- [WHAT TO WORK ON]
Write the listing below out again in full, dropping its pictures.

- [DATASET CONTENT]
>>>>>
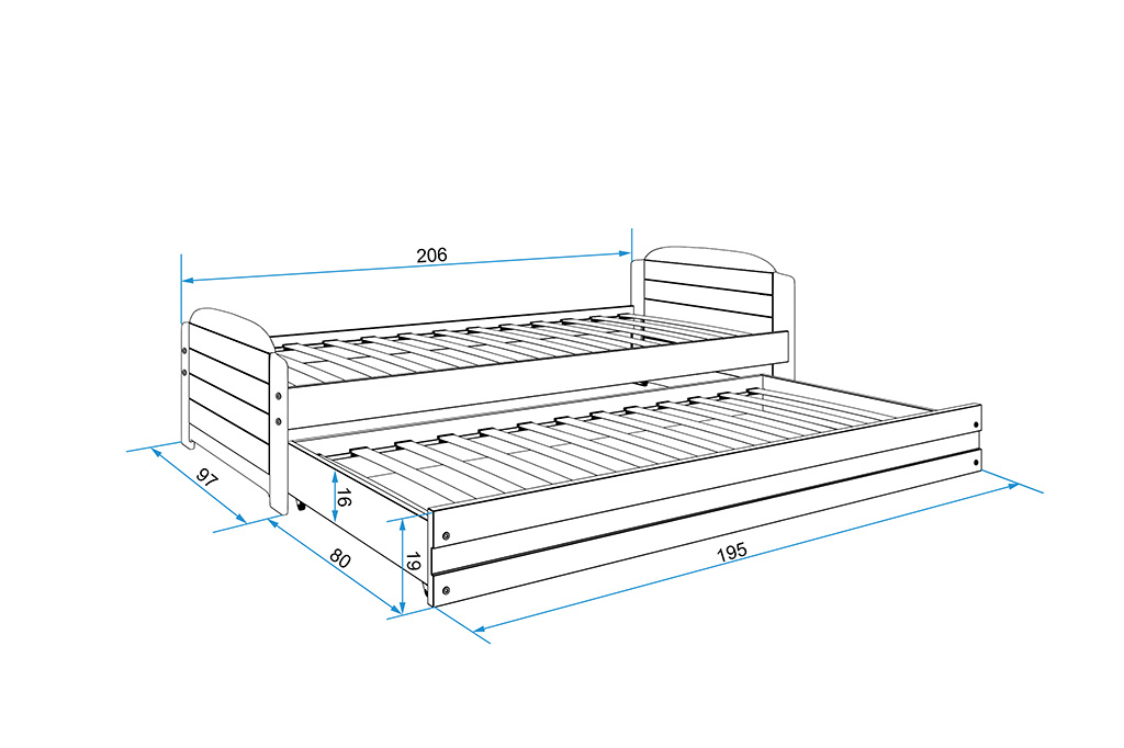 Postel Lizzie je vyrobena z borovicového dřeva, které je barveno a lakováno vodou ředitelným lakem, který je vhodný na dětský nábytek a vyhovuje normám o nezávadnosti. Panely Na bocích postele jsou vyrobeny z kvalitní MDF desky. Součástí postele je také praktická přistýlka s matrací, kterou můžete využít pro druhé dítě, nebo když u Vašeho dítěte bude chtít přespat kamarád/ka. Obě části postele mají rošt a pěnovou matraci s doporučenou nosností 70 kg. Plocha pro spaní je 90x200 cm (vrchní část) a 80x190 cm (přistýlka). Postel je dodávána v demontu a součástí je montážní plánek včetně všech potřebných spojovacích materiálů. Postel nabízíme ve dvou barevných provedeních a také s úložným prostorem bez přistýlky. Vyobrazené doplňky a dekorace nejsou v ceně.
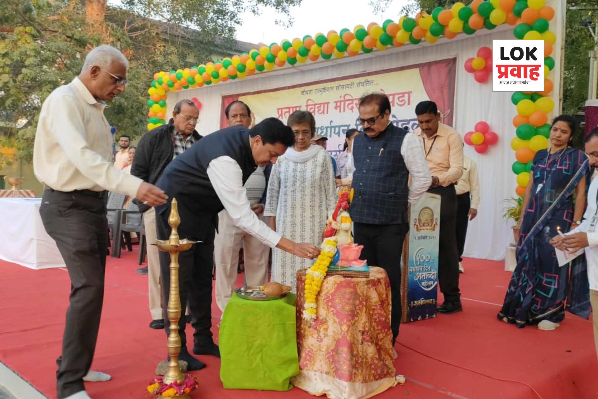 टिम लोकप्रवाह, चोपडा दि. 06 : येथील चोपडा एज्युकेशन सोसायटी संचलित प्रताप विद्या मंदिराच्या शतकोत्तर सातव्या वर्धापन दिनाच्या कार्यक्रमांचे दिमाखदार उद्घाटन आज दि. 6 जानेवारी 2025 रोजी संपन्न झाले. यावेळी संस्थेचे उपाध्यक्ष विश्वनाथजी अग्रवाल यांच्या शुभहस्ते संस्थेचे ध्वजारोहण आणि एन सी सी च्या ९० कॅडेट यांनी रोहन पाटील, श्रीमती जे आर बडगुजर यांच्या मार्गदर्शनाखाली शिवकुमार मधुकर मगरे या विद्यार्थ्याच्या हस्ते ज्योत प्रज्वलन करून संपन्न झाले. संस्थेच्या परंपरेप्रमाणे सेवानिवृत्त शिक्षकांप्रती कृतज्ञता व्यक्त करण्यासाठी त्यांचा देखील सत्कार संस्थेच्या वतीने करण्यात आला. यात एम आर पाटील, एम बी चौधरी, ए जी कुलकर्णी, पी पी पाटील, सुनील गुजराथी तसेच शिपाई अमृत पारधी यांचा सहपत्नीक तर दिवंगत तामराज सोनवणे व राजू पाटील यांच्या वारसांचा मान्यवरांच्या हस्ते सत्कार करण्यात आला.
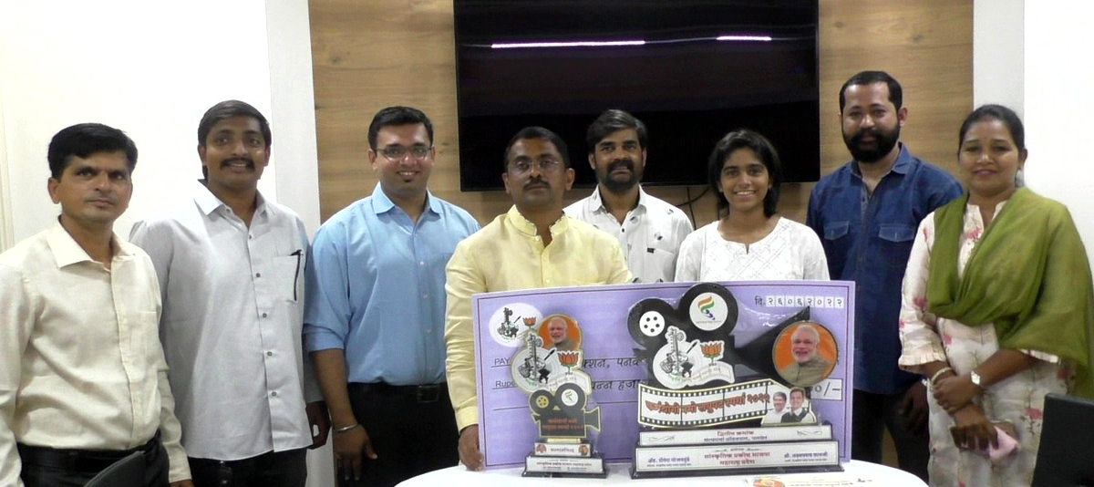 पनवेल(प्रतिनिधी) भाजप सांस्कृतिक प्रकोष्ठच्या वतीने आयोजित कर्मयोगी नमो लघुपट स्पर्धेचा पारितोषिक वितरण समारंभ रविवारी कोथरुडमधील यशवंतराव चव्हाण नाट्यगृहात झाला. या स्पर्धेत पनवेल तालुक्यातील तीन संस्थांच्या लघुपटांना पारितोषिक मिळाले आहे. या विजेत्यांचे माजी खासदार लोकनेते रामशेठ ठाकूर, भाजपचे उत्तर रायगड जिल्हाध्यक्ष आमदार प्रशांत ठाकूर आणि सभागृहनेते परेश ठाकूर यांनी अभिनंदन केले व त्यांच्या पुढील वाटचाली करीता शुभेच्छा दिल्या. स्वातंत्र्याच्या अमृतमहोत्सवी वर्षानिमित्त भाजप सांस्कृतिक प्रकोष्ठ महाराष्ट्र प्रदेशच्यावतीने पंतप्रधान नरेंद्र मोदी यांच्या कारकीर्दीवर कर्मयोगी नमो लघुपट स्पर्धेचे आयोजन करण्यात आले होते. या स्पर्धेला उत्स्फूर्त प्रतिसाद मिळाला. देशभरातून एकूण १३५ स्पर्धेकांनी स्पर्धेत सहभाग घेत, एक ते १२ मिनिटांचे लघुपट सादर केले होते. यापैकी काही निवडक लघुपट पंतप्रधान नरेंद्र मोदी यांनी स्वतः पाहून विशेष पसंती दर्शविली होती. या स्पर्धेत पनवेलमधील सत्यधर्म प्रोडक्शनच्या सेल्फी पॉइंट या लघुपटाला द्वितीय क्रमांक (५१ हजार रुपये व स्मृतिचिन्ह), अनन्या एजन्सीच्या सक्षम या लघुपटाला उत्तेजनार्थ क्रमांक (पाच हजार रुपये व स्मृतिचिन्ह) तसेच स्वर्णीम संस्थेच्या स्वच्छ सर्वेक्षण भारत या लघुपटाला उत्तेजनार्थ क्रमांक (पाच हजार रुपये व स्मृतिचिन्ह) प्राप्त झाले. या सर्व विजेत्यांनी माजी खासदार लोकनेते रामशेठ ठाकूर, भाजपचे उत्तर रायगड जिल्हाध्यक्ष आमदार प्रशांत ठाकूर आणि पनवेल महापालिकेचे सभागृहनेते परेश ठाकूर यांची सदिच्छा भेट घेतली. यावेळी त्यांनी पारितोषिक प्राप्त संस्थांचे अभिनंदन केले. या वेळी कोकण विभाग संयोजक राहुल वैद्य, सहसंयोजक दिपक पवार, अक्षया चितळे, प्रदेश सदस्य सुनिल सिन्हा, भाजप उत्तर रायगड जिल्हाध्यक्ष अभिषेक पटवर्धन, जिल्हा सहसंयोजक गणेश जगताप, पनवेल शहर संयोजक निखिल गोरे यांच्यासह पदाधिकारी उपस्थित होते.
<<<<<
- [OUTPUT]
 Postel Lizzie je vyrobena z borovicového dřeva, které je barveno a lakováno vodou ředitelným lakem, který je vhodný na dětský nábytek a vyhovuje normám o nezávadnosti. Panely Na bocích postele jsou vyrobeny z kvalitní MDF desky. Součástí postele je také praktická přistýlka s matrací, kterou můžete využít pro druhé dítě, nebo když u Vašeho dítěte bude chtít přespat kamarád/ka. Obě části postele mají rošt a pěnovou matraci s doporučenou nosností 70 kg. Plocha pro spaní je 90x200 cm (vrchní část) a 80x190 cm (přistýlka). Postel je dodávána v demontu a součástí je montážní plánek včetně všech potřebných spojovacích materiálů. Postel nabízíme ve dvou barevných provedeních a také s úložným prostorem bez přistýlky. Vyobrazené doplňky a dekorace nejsou v ceně.
 टिम लोकप्रवाह, चोपडा दि. 06 : येथील चोपडा एज्युकेशन सोसायटी संचलित प्रताप विद्या मंदिराच्या शतकोत्तर सातव्या वर्धापन दिनाच्या कार्यक्रमांचे दिमाखदार उद्घाटन आज दि. 6 जानेवारी 2025 रोजी संपन्न झाले. यावेळी संस्थेचे उपाध्यक्ष विश्वनाथजी अग्रवाल यांच्या शुभहस्ते संस्थेचे ध्वजारोहण आणि एन सी सी च्या ९० कॅडेट यांनी रोहन पाटील, श्रीमती जे आर बडगुजर यांच्या मार्गदर्शनाखाली शिवकुमार मधुकर मगरे या विद्यार्थ्याच्या हस्ते ज्योत प्रज्वलन करून संपन्न झाले. संस्थेच्या परंपरेप्रमाणे सेवानिवृत्त शिक्षकांप्रती कृतज्ञता व्यक्त करण्यासाठी त्यांचा देखील सत्कार संस्थेच्या वतीने करण्यात आला. यात एम आर पाटील, एम बी चौधरी, ए जी कुलकर्णी, पी पी पाटील, सुनील गुजराथी तसेच शिपाई अमृत पारधी यांचा सहपत्नीक तर दिवंगत तामराज सोनवणे व राजू पाटील यांच्या वारसांचा मान्यवरांच्या हस्ते सत्कार करण्यात आला.
 पनवेल(प्रतिनिधी) भाजप सांस्कृतिक प्रकोष्ठच्या वतीने आयोजित कर्मयोगी नमो लघुपट स्पर्धेचा पारितोषिक वितरण समारंभ रविवारी कोथरुडमधील यशवंतराव चव्हाण नाट्यगृहात झाला. या स्पर्धेत पनवेल तालुक्यातील तीन संस्थांच्या लघुपटांना पारितोषिक मिळाले आहे. या विजेत्यांचे माजी खासदार लोकनेते रामशेठ ठाकूर, भाजपचे उत्तर रायगड जिल्हाध्यक्ष आमदार प्रशांत ठाकूर आणि सभागृहनेते परेश ठाकूर यांनी अभिनंदन केले व त्यांच्या पुढील वाटचाली करीता शुभेच्छा दिल्या. स्वातंत्र्याच्या अमृतमहोत्सवी वर्षानिमित्त भाजप सांस्कृतिक प्रकोष्ठ महाराष्ट्र प्रदेशच्यावतीने पंतप्रधान नरेंद्र मोदी यांच्या कारकीर्दीवर कर्मयोगी नमो लघुपट स्पर्धेचे आयोजन करण्यात आले होते. या स्पर्धेला उत्स्फूर्त प्रतिसाद मिळाला. देशभरातून एकूण १३५ स्पर्धेकांनी स्पर्धेत सहभाग घेत, एक ते १२ मिनिटांचे लघुपट सादर केले होते. यापैकी काही निवडक लघुपट पंतप्रधान नरेंद्र मोदी यांनी स्वतः पाहून विशेष पसंती दर्शविली होती. या स्पर्धेत पनवेलमधील सत्यधर्म प्रोडक्शनच्या सेल्फी पॉइंट या लघुपटाला द्वितीय क्रमांक (५१ हजार रुपये व स्मृतिचिन्ह), अनन्या एजन्सीच्या सक्षम या लघुपटाला उत्तेजनार्थ क्रमांक (पाच हजार रुपये व स्मृतिचिन्ह) तसेच स्वर्णीम संस्थेच्या स्वच्छ सर्वेक्षण भारत या लघुपटाला उत्तेजनार्थ क्रमांक (पाच हजार रुपये व स्मृतिचिन्ह) प्राप्त झाले. या सर्व विजेत्यांनी माजी खासदार लोकनेते रामशेठ ठाकूर, भाजपचे उत्तर रायगड जिल्हाध्यक्ष आमदार प्रशांत ठाकूर आणि पनवेल महापालिकेचे सभागृहनेते परेश ठाकूर यांची सदिच्छा भेट घेतली. यावेळी त्यांनी पारितोषिक प्राप्त संस्थांचे अभिनंदन केले. या वेळी कोकण विभाग संयोजक राहुल वैद्य, सहसंयोजक दिपक पवार, अक्षया चितळे, प्रदेश सदस्य सुनिल सिन्हा, भाजप उत्तर रायगड जिल्हाध्यक्ष अभिषेक पटवर्धन, जिल्हा सहसंयोजक गणेश जगताप, पनवेल शहर संयोजक निखिल गोरे यांच्यासह पदाधिकारी उपस्थित होते.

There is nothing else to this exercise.